5v is perfect. No need for a 0.75v diode. Your 1 amp is too low. You need about 5 amps. Even if you use a Y cable and use 2 ports, it will still be too low.
Most cellphone chargers are 5v/1 amp and use 3.7v bats. You will be going directly from the voltage source to the coil thereby bypassing the bat so the voltage is irrelevant. The current is restricted to 1 amp so you stuffed. If the charger does not have a current limiter then you will blow it.
I suggest you leave the bypass alone.

Your computer has a Power Management circuit that will not allow a drain of 5 amps anyway.

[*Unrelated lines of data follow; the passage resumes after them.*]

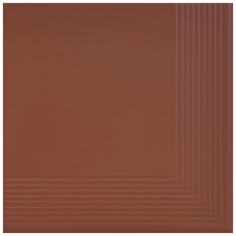 Stopnica w odcieniu burgunda ma wyraźny, ciepły kolor, który trudno przeoczyć. To intensywny, jednolity odcień, bez zbędnych wzorów czy ciemniejszych plam. Matowa powierzchnia sprawia, że płytka nie odbija światła, co wpływa na estetykę i użytkowanie - nie ma olśniewających refleksów, które mogłyby rozpraszać. Dodatkowo, narożna forma stopnicy pozwala na wygodne dopasowanie do schodów, ponieważ kształt jest precyzyjnie przemyślany.
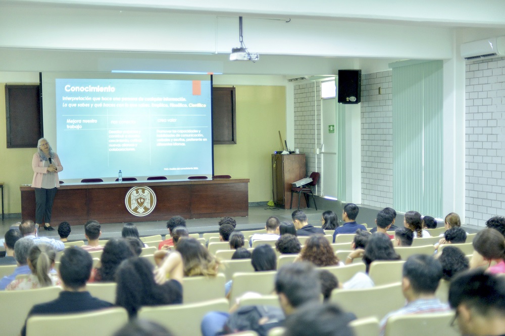 “El conocimiento mejora nuestro entorno, nos conecta a través de la colaboración, erradica mitos y prejuicios y es un activo estratégico”, les dijo la investigadora Xóchitl Trujillo-Trujillo a las y los alumnos de los programas de Economía y Finanzas, durante la charla que dio con motivo del Seminario de Academia 2023 que realiza dicho plantel para fortalecer la adquisición de conocimiento de su alumnado.
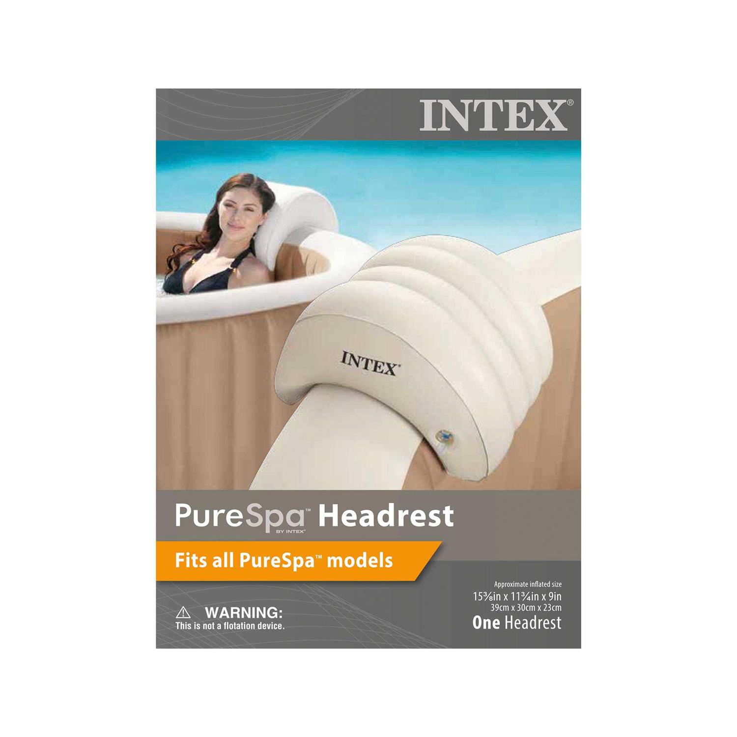 Intex The perfect accessory for your PureSpa, the Intex PureSpa headrest. This inflatable easy to remove headrest adds additional support for your neck as you indulge in your PureSpa. Designed to be placed on top of the spa wall. Weighted down (when filled with water) to secure the headrest in place. Can be partially filled with air to fit your personal preference for firmness.

The bypass worked for some old 1'st generation e-cigs but will not for the monsters we now use.

Reactions: Like 1


----------



## Johnny2Puffs (26/10/13)

Just worked out that you can do it with a 5 ohm coil. No less as it will draw more than 1 amp. The vape will suck though.

Reactions: Like 1


----------



## ET (26/10/13)

writing on the tablet charger is soooo small. 5v 2 amps. so lets say just one of those diodes, taking down the voltage to
4.25 volts and a normal 2.2 ohm carto coil gives me 1.93 amp load. sorted

Reactions: Like 1


----------



## Johnny2Puffs (27/10/13)

Those 1n400 series diodes are 1 amp. You need at least a 3 amp rectifier diode. Those in the 1n5401/2/3 range are 3 amp.
Actually you will need 2 or 3 in series to lower the wattage of the coil. One diode will give you 8,2w and 2 will give you 5,25w.
I vape at 3,4w max.
Use P=IxV and now just remember PIV. Now you have VIR and PIV. The only 2 formulas modders must know.
PS. Use 3 diodes and 2 switches and you have a v w mod.

Reactions: Like 1


----------



## ET (27/10/13)

fancy drawing a little diagram for that? and can't i get like a little 3 setting switch for that. bung all the bits on a little circuit board and i'm golden

Reactions: Like 1


----------



## Johnny2Puffs (27/10/13)



Reactions: Like 2


----------



## Johnny2Puffs (27/10/13)

Forgot to add the fire button but you can put it on the bottom line. When the switch is closed on one diode, it will add o.75v as it will bypass the diode. If both switches are closed then you have 1.5v extra.

Reactions: Like 1


----------



## ET (27/10/13)

because the switch offers less resistance than the diode, and electricity is lazy and will always take the easiest way 
awesome and thanks

Reactions: Like 1


----------



## CraftyZA (28/10/13)

I've used some T6A100L diodes in a previous amp. They are a little fat though but handle some serious punches. Not sure of the exact rating. I actually might still have some if you are interested. Will check tonight.


----------



## Johnny2Puffs (28/10/13)

Crafty. Can you think of a single switch that will work for the above diagram?

Reactions: Like 1


----------



## CraftyZA (28/10/13)

What about some high amp dipswitches?
THis one supports up to 4A
http://www.mantech.co.za/ProductInfo.aspx?Item=35M0101


----------



## CraftyZA (28/10/13)

Perhaps, Denizenx.... If you are up for a bit of a challenge... (But I promise it will be fun!)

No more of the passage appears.